Photo Courtesy: Marcel Boulet, Acting Archivist, l’université de Saint-Boniface
St Boniface Manitoba Hockey Team Inter League Schedule

The mystery remains however, where did Alfred Brooks go in 1910. He was not registered at Le Collège de Saint-Boniface and he did not show up in the 1910 US Census with his family in St. John N.D. Was he "prospecting" for new opportunities in Manitoba and (LaFleche) Saskatchewan?

As a FOOTNOTE, there were at that time schooling alternatives to St. Boniface open to Alfred Brooks. For example, family friend Laureat L. Martineau (b.
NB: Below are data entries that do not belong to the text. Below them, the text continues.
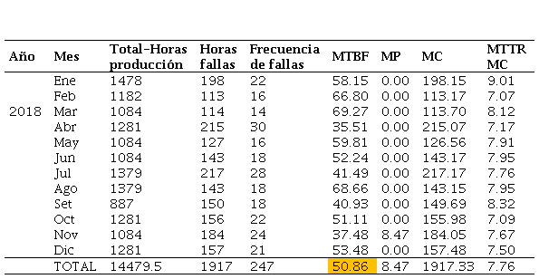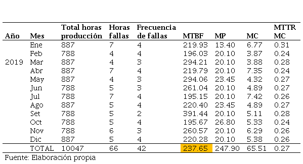 Los índices de MTBF (tiempo medio entre fallas) y MTTR (tiempo medio para reparar) también son importantes. Al calcular el MTBF anual se nota que su valor se ha incrementado de 50.86 horas a 237.65 horas y se ha reducido el MTTR de 7.76 horas a 0.27 horas, como se muestra en las Tablas 9 y 10.
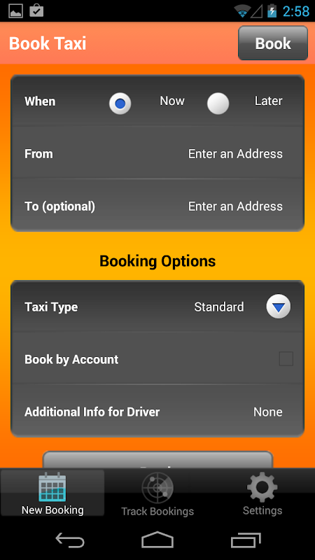 • Request a taxi cab right now, or select a future date and time for pick-up.
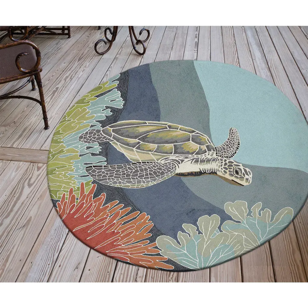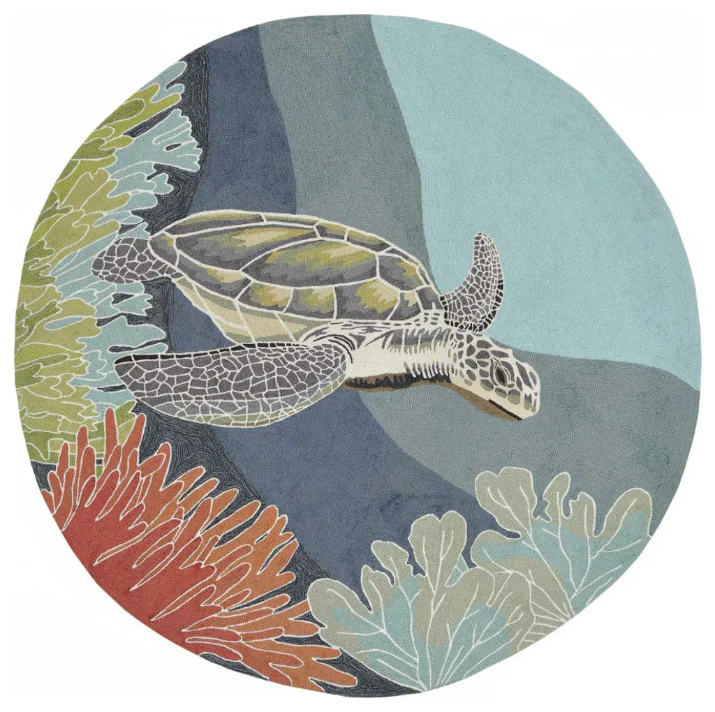 This hand-hooked area rug is one of our most popular designs. A lifelike sea turtle swims peacefully underwater in this artistic rendition that will make a colorful impact on any indoor or outdoor space. Made in China from a polyester acrylic blend, the Ravella Collection is hand tufted to create vibrant multi-toned detailed designs with tight textural loops and a high quality finish. The material is flatwoven, weather resistant and treated for added fade resistance, making this area rug perfect for indoor or outdoor placement. This soft, durable area rug is ideal for your patio, sunroom or those high traffic areas such as your kitchen, living room, entryway or dining room. Intricately shaded yarns bring to life the nature inspired designs of this collection that will beautifully accent your home. Limiting exposure to rain, moisture and direct sun will prolong rug life. Expertly hand tufted and imported from ChinaIntended for both Indoor and Outdoor UseMade from weather resistant Polyester/Acrylic blend for high traffic areas and Indoor/Outdoor placementPile height 0.5" Both Water and Fade Resistant Backing Material: PolyesterThis design features a sea turtle swimming peacefully though the waterThis design features a multi-hued blue background with green, blue and orange sea life and a delicately shaded turtle. Rug Size: 8'' Round
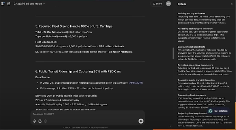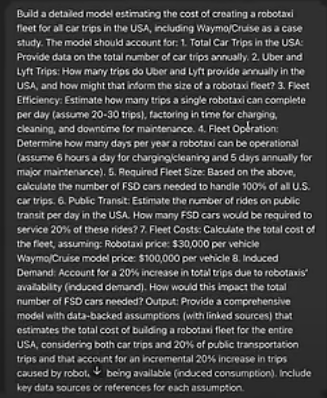 Jason did not make it easy on OpenAI. He asked for a detailed model on what it would cost to build a robotaxi fleet to replace all car trips.

July 12, 1883), son of Fortunat and Cedulie (Plante) Martineau, who was slightly older than Alfred, was educated in the public schools of Rolette county and at the University of North Dakota, in which he took up the study of law, winning the LL. B. degree upon graduation with the class of 1905. However it is thought that Hubert wanted to ensure son Alfred's schooling in french and thus sent him off to boarding school at St. Boniface Manitoba.
As an aside, an Albert Martineau from St. John does appear in Alfred's class at St. Boniface for the 1906-1907 school term.

FRED BROOKS and LAW SCHOOL
So what to make of the family oral history that Fred Brooks attended Law School?
The ANSWER is found in a brief Sept. 22, 1910 Turtle Mountain Star newspaper item

Fred Brooks Intent to Attend LAW SCHOOL at Grand Forks N.D.
Image Source: Sept. 22, 1910 Turtle Mountain Star newspaper
Sept 22 1910 Turtle Mountain Star newspaper item on Fred Brooks' Law School Plans

Editor's Note: One of the Joe Brooks' sons, I believe it was Gerald, once told me that when Fred Brooks had left Bluesky for Ottawa, he'd left his law books with Joe Brooks. They were stored in the attic of Joe's house in Falher, and they were, at least in Gerald's recollection in mint condition -- i.e. largely unused. This speaks perhaps to the "Fred dropping out of law school" portion of the family history. Also recall that it was June 1911 that the Brooks departed from St. John for LaFleche SK. It is unclear as to whether or not Fred joined them immediately OR at a later date. Gerald thought that the books were "forgotten", or left behind in the attic when the family sold the house in Falher.